Coder Social home page Coder Social logo

ptt-search-engine's Introduction

Ptt_SearchEngineWeb

Introduction

Build a search engine include all articles and commands crawl from Ptt(web forum), Searching content by keyword or by user’s id observe what articles they replied or post. This Repo only conclude Wep UI part. ptt: https://en.wikipedia.org/wiki/PTT_Bulletin_Board_System Demo-Link

Build a Web application using Flask and Vuejs

Use the vue front-end framework to develop a single-page application (SPA), and then hand over the built front-end interface to Flask as the server to process Request and the API for search commands under Elasticsearch. This note will be divided into two parts: Vue.js and Flask.

see VueJS README in vueptt directory.

Architecture diagram

For basic concepts of web application and routing, please refer to: SPA & Router

Flask

Installing

Install Flask and the Flask-CORS extension

(env)$ pip install Flask Flask-Cors

Under background processing (save Session, you can useTmux),Execute main.py to start the service on the server.

//Flask directory
tmux
<Ctrl+b> + s//select Session 
python app.py

Query API

Handle how to process the search conditions sent by the front end into Query and send it to ElasticSearch.

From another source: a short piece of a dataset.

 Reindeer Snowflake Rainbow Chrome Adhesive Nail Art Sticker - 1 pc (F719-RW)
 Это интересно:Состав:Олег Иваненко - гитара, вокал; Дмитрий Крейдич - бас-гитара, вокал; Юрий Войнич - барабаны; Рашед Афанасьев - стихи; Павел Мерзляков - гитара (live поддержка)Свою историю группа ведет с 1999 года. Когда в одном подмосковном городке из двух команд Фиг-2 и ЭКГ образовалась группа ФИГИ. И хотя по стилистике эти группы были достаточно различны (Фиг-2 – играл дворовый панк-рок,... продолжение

Introduce the Elasticsearch suite in main.py, and send a request to the database to return the data.

The environment parameters are used here to have more flexibility in changing the database domain and password. It is brought in by the Docker command when deploying, or you can directly enter the connection format of your ES service (as noted below).

Link to ES(database) settings:

from elasticsearch import Elasticsearch, RequestsHttpConnection
es = Elasticsearch(os.environ['ES'],connection_class=RequestsHttpConnection, use_ssl=True,verify_certs=False,send_get_body_as='POST' )
//ES is the variabe of ['http://elastic:<key>@<Domain>']

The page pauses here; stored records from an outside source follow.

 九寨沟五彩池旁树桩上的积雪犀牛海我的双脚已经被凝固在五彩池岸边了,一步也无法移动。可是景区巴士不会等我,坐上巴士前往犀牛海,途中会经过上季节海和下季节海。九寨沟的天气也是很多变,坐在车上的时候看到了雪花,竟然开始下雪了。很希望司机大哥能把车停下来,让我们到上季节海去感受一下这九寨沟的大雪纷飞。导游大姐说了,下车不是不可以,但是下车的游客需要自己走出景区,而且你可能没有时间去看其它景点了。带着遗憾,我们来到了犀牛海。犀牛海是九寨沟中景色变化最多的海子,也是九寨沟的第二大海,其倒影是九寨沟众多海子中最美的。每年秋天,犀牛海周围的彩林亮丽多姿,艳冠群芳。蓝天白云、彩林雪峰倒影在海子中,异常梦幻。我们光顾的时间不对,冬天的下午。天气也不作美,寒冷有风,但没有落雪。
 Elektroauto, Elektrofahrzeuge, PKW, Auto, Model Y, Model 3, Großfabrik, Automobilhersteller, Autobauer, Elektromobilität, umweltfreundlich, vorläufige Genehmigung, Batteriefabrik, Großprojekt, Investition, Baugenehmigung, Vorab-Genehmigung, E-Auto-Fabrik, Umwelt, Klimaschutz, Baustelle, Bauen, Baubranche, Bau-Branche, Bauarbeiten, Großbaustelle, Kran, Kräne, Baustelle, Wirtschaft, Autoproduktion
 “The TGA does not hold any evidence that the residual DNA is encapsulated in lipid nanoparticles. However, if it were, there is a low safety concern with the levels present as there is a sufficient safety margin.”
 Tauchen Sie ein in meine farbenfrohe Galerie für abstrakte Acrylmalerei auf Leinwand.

Search processing example (retrieved by id)

The API format is as follows. After the "?" symbol is the parameter used to set the DSL syntax search. For how to query in Elastisearch, please refer to:Link1Link2

<yourDomain>/api/GetByUserId?user_id=String&start=timeStamp&end=timeStamp?size=25?from=1
 //
<yourDomain>/api/GetByContent?Content=String&start=timeStamp&end=timeStamp?size=25?from=1

The following variables are used:

  1. user_id:author id
  2. content:In-text search (keywords)
  3. start:Date start point (in Timestamp format)
  4. end:Date end point (in Timestamp format)
  5. size:Show several data
  6. from:From the first few data

After the data is processed and packaged into a DSL, the search function of ES will be used to send it to the DB, and finally it will be sent back to the front end in JSON format:

dsl = {
 "size": size,
 "from": page,
 "query": {
   "bool": {
     "must": [
       {
         "match": {
           "content": content
         }
       },
       {
         "match": {
           "article_title": content
         }
       },
       {
         "range": {
           "date": {
             "gt": start,
             "lt": end
           }
         }
       }
     ],
     "must_not": [],
     "should": []
   }
 },
 "sort": [
   {
     "date": {
       "order": "desc"
     }
   }
 ]
}
   res=es.search(index="article2", body= dsl)
   return json.dumps(res['hits'], indent=2, ensure_ascii=False)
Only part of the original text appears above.